Online models are usually weaker than batch models when trained on the same amount of data. However, this discrepancy tends to get smaller as the size of the training data increases. Researchers try to build online models that are guaranteed to reach the same performance as a batch model when the size of the data grows – they call this convergence. But comparing online models to batch models isn’t really fair, because they’re not meant to solve the same problems.

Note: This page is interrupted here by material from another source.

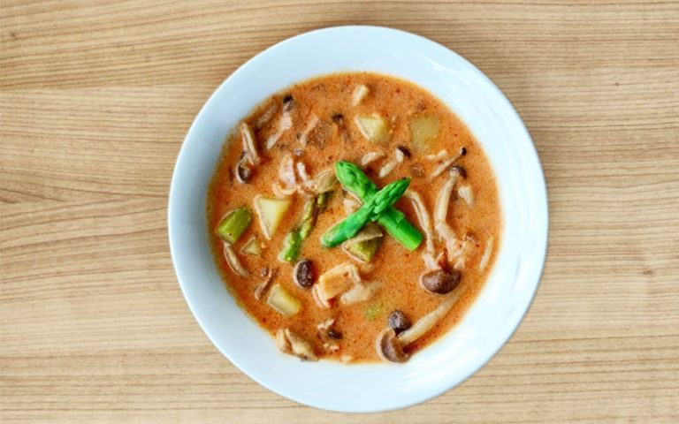 - ひと煮立ちしたら豆乳を加え、さらにひと煮立ちしたら完成。
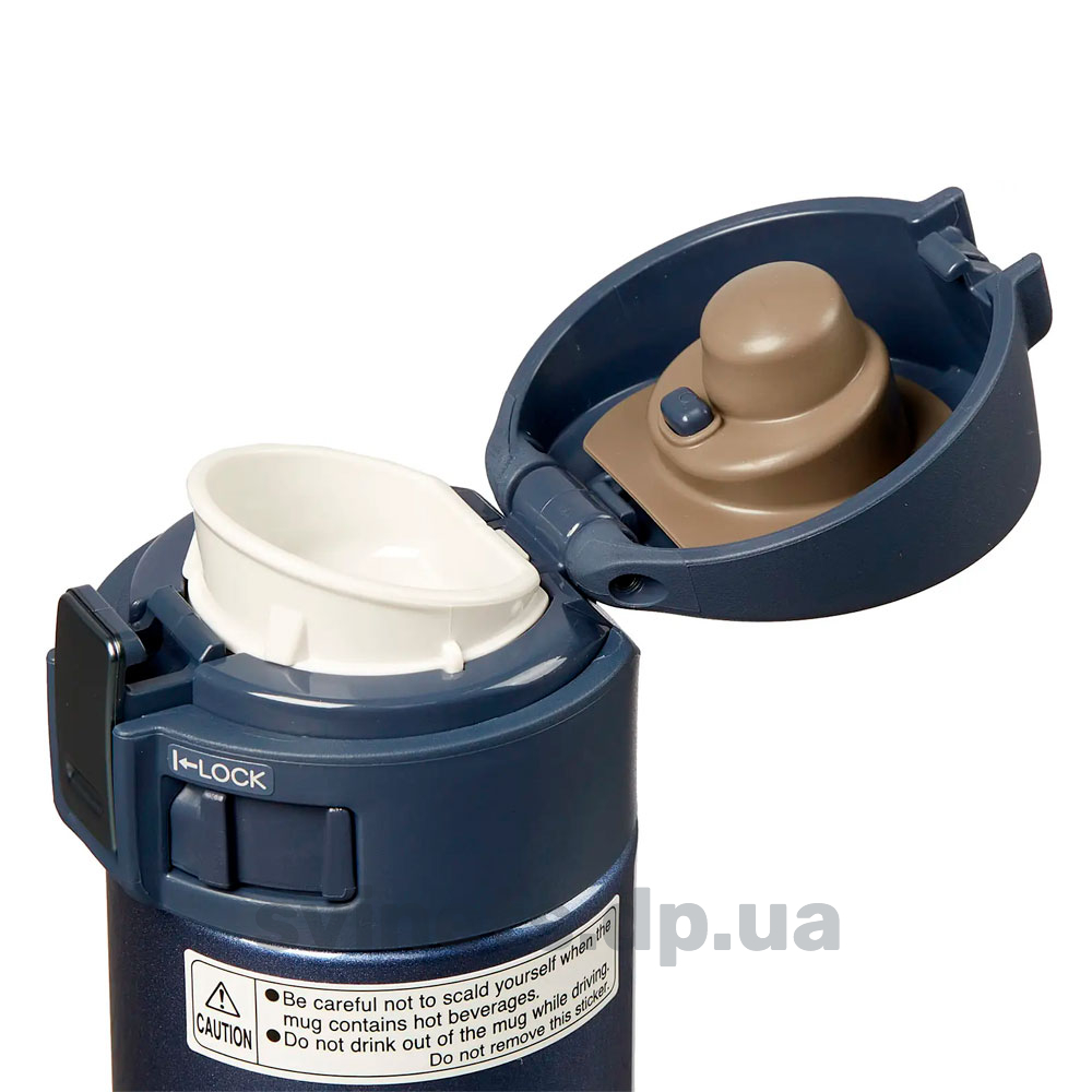 На крышке расположена кнопка, которая интуитивно нащупывается большим пальцем, таким образом открывать и закрывать термокружку можно одной рукой. Блокиратор - специальный замок не дает случайно открыться во время транспортировки.

Batch models are meant to be used when you can afford to retrain your model from scratch every so often. Online models, on the contrary, are meant to be used when you want your model to learn from a stream of data, and therefore never have to restart from scratch. Learning from a stream of data is something a batch model can’t do, and is very much different to the usual train/test split paradigm that machine learning practitioners are used to. In fact, there are other ways to evaluate the performance of an online model that make more sense than, say, cross-validation.
Cross-validation
To begin with, I’m going to compare scikit-learn’s SGDRegressor
and Ridge
. In a nutshell, SGDRegressor
has the same model parameters as a Ridge
, but is trained via stochastic gradient descent, and can thus learn from a stream of data. In practice this happens via the partial_fit
method. Both can be seen as linear regression with some L2 regularisation thrown into the mix. Note that scikit-learn provides a list of it’s estimators that support “incremental learning”, which is a synonym of online learning.
As a running example in this blog post, I’m going to be using the New-York City taxi trip duration dataset from Kaggle. This dataset contains 6 months of taxi trips and is a perfect usecase for online learning. We’ll start by loading the data and tidying it up a bit:
import pandas as pd
taxis = pd.read_csv(
'nyc_taxis/train.csv',
parse_dates=['pickup_datetime', 'dropoff_datetime'],
index_col='id',
dtype={'vendor_id': 'category', 'store_and_fwd_flag': 'category'}
)
taxis = taxis.rename(columns={
'pickup_longitude': 'pickup_lon',
'dropoff_longitude': 'dropoff_lon',
'pickup_latitude': 'pickup_lat',
'dropoff_latitude': 'dropoff_lat'
})
taxis.head()
id | vendor_id | pickup_datetime | dropoff_datetime | passenger_count | pickup_lon | pickup_lat | dropoff_lon | dropoff_lat | store_and_fwd_flag | trip_duration | l1_dist | l2_dist | day | weekday | hour |
---|---|---|---|---|---|---|---|---|---|---|---|---|---|---|---|
id0190469 | 2 | 2016-01-01 00:00:17 | 2016-01-01 00:14:26 | 5 | -73.9817 | 40.7192 | -73.9388 | 40.8292 | N | 849 | 0.152939 | 0.118097 | 1 | 4 | 0 |
id1665586 | 1 | 2016-01-01 00:00:53 | 2016-01-01 00:22:27 | 1 | -73.9851 | 40.7472 | -73.958 | 40.7175 | N | 1294 | 0.0567207 | 0.0401507 | 1 | 4 | 0 |
id1210365 | 2 | 2016-01-01 00:01:01 | 2016-01-01 00:07:49 | 5 | -73.9653 | 40.801 | -73.9475 | 40.8152 | N | 408 | 0.031929 | 0.0227259 | 1 | 4 | 0 |
id3888279 | 1 | 2016-01-01 00:01:14 | 2016-01-01 00:05:54 | 1 | -73.9823 | 40.7513 | -73.9913 | 40.7503 | N | 280 | 0.0100403 | 0.00910266 | 1 | 4 | 0 |
id0924227 | 1 | 2016-01-01 00:01:20 | 2016-01-01 00:13:36 | 1 | -73.9701 | 40.7598 | -73.9894 | 40.743 | N | 736 | 0.0360603 | 0.0255567 | 1 | 4 | 0 |
The dataset contains a few anomalies, such as trips that last an very large amount of time. For simplicity we’ll only consider the trips that last under an hour, which is the case for over 99% of the them.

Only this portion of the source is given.